US 12,406,301 B2
Early network growth warning system and method
Shiv Markam, Mandla (IN); Rupesh Kumar Sankhala, Churu (IN); Bhargav Pandillapalli, Atmakur (IN); Aniruddha Mitra, Kolkata (IN); and Akash Singh, Delhi (IN)
Assigned to MASTERCARD INTERNATIONAL INCORPORATED, Purchase, NY (US)
Filed by MASTERCARD INTERNATIONAL INCORPORATED, Purchase, NY (US)
Filed on May 20, 2022, as Appl. No. 17/749,912.
Prior Publication US 2023/0377038 A1, Nov. 23, 2023
Int. Cl. G06Q 40/04 (2012.01); G06F 18/2137 (2023.01); G06N 3/044 (2023.01); G06Q 20/40 (2012.01)

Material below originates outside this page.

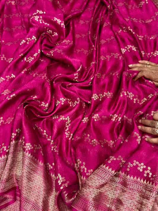 Magenta Pink Pure Mashru Silk Handwoven Banarasi Saree

CPC G06Q 40/04 (2013.01) [G06F 18/21375 (2023.01); G06N 3/044 (2023.01); G06Q 20/4016 (2013.01)] 14 Claims
OG exemplary drawing
 
1. A growth predictor system, comprising:
a monitor configured to receive or generate first information of a network already identified as a candidate money laundering (ML) network by an anti-money-laundering system; a prediction engine having a feed-forward neural network that operates on the first information corresponding to growth of the network already identified as a candidate ML network and being configured to predict second information indicative of a growth size of the candidate ML network at a future time, the prediction engine to predict the second information based on the first information; and a prioritization engine configured to determine a priority of the candidate ML network based on the second information and to generate a score corresponding to the priority of the candidate ML network based on one or more predetermined criteria including predicted growth size, types of accounts, identity of account owners, numbers of transactions that currently exist and are predicted to take place in the ML network, types of transaction that currently exist and are predicted to take place in the ML network, the rate of growth predicted to occur, and the type of growth predicted to occur, the prediction engine to execute one or more predictive models to generate the second information indicative of the growth size of the candidate ML network at the future time, the first information indicating one or more graphical changes that have occurred in the candidate ML network over a past period of time, wherein: the first information includes spatio-temporal data on graphs corresponding to the one or more changes that have occurred in the candidate ML network over the past period; and one of the one or more the predictive models is configured to implement an encoder decoder long short-term memory (LSTM) network to predict the growth in size of the candidate ML network based on the first information.